Our motivation for developing ChartRecover originated from this challenge. As we worked on large-scale scientific data collection and AI-ready database construction, we repeatedly encountered valuable experimental results that existed only as images embedded in publications. We realized that unlocking these hidden data resources could significantly accelerate data-driven scientific discovery.
The Challenge We Did Not Expect
When we first set out to automate chart extraction, we assumed that identifying the numbers on the axes would be the easy part. We thought that once an optical character recognition (OCR) system read the tick labels, we could simply map those text boxes to their corresponding numerical values.
However, we quickly hit an unexpected roadblock. We found that even small visual offsets between the text labels and the actual tick marks produced massive errors in the recovered data coordinates. Because of variations in font sizes, line spacing, and general layout, the visual center of a text label rarely aligns perfectly with the physical tick mark. If we directly used the text's center point as our anchor, those tiny pixel deviations amplified into significant systematic mapping errors when calculating the final scientific values. This seemingly minor detail—the slight misalignment of text—became one of the biggest obstacles to achieving high-fidelity data extraction.
Building ChartRecover
To solve these issues, we developed ChartRecover(https://www.nature.com/articles/s44172-026-00691-8), an end-to-end framework designed to interpret charts much like a human researcher does, but at machine speed. We built the system around three core capabilities:
- Element Detection: Instead of relying on rigid, pre-programmed templates, our system uses an object detection architecture to intuitively identify common chart components. It robustly detects axes, tick marks, legends, and the actual data points across a wide variety of visual styles and complex layouts.

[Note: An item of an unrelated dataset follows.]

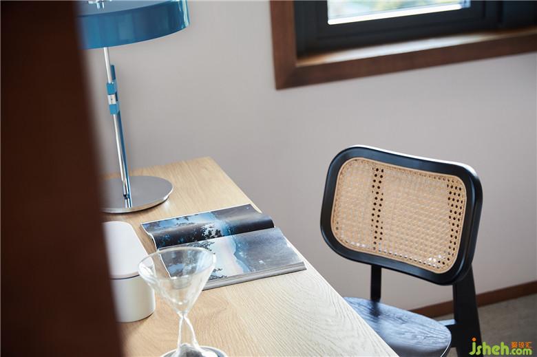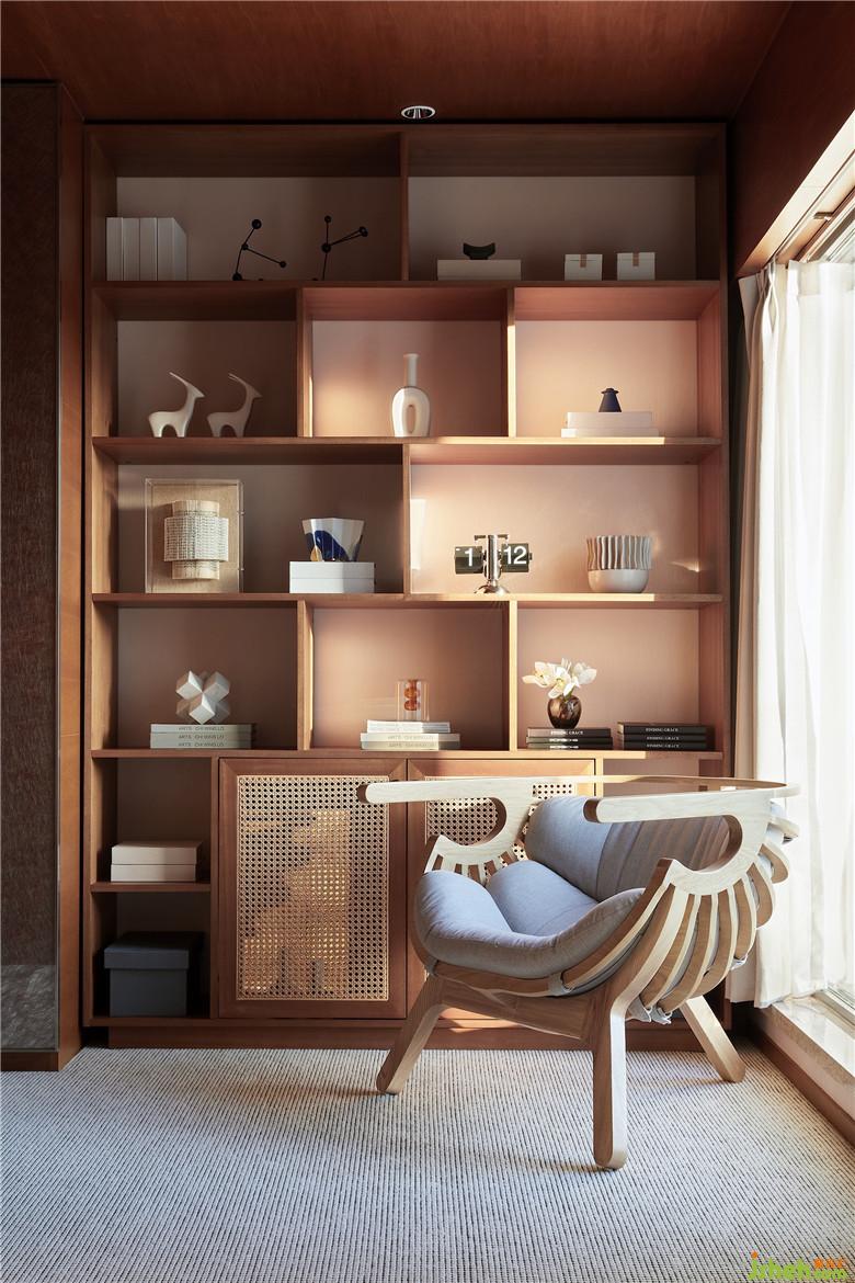 學習不再是苦悶的體驗,孩子房入口處的端景由原先一把椅子、一幅畫的單調區(qū)域擴展成了一個舒緩的閱讀空間。慵懶的午后半躺在造型感顯著、舒適度絕佳的單椅上,思緒則遨游在書海中,“學”也在不知不覺中進行著。

- Coordinate Recovery: To overcome the text deviation problem, we introduced a specialized algorithm that precisely associates the semantic meaning of the tick text with the exact physical pixel coordinates of the tick mark. By treating the physical tick mark as the true anchor, we successfully eliminated the impact of text rendering offsets, establishing a highly accurate mapping between the image pixels and the real-world numerical scales.
- Adaptive Parsing: In the real world, charts are messy and diverse. Bar charts, for instance, can be horizontal or vertical, and their data can be independent or stacked. We engineered ChartRecover to systematically analyze the geometric overlap and boundaries of these structures. This allows the system to automatically distinguish between stacked and non-stacked data geometries, establishing accurate baselines regardless of the journal's unique plotting conventions.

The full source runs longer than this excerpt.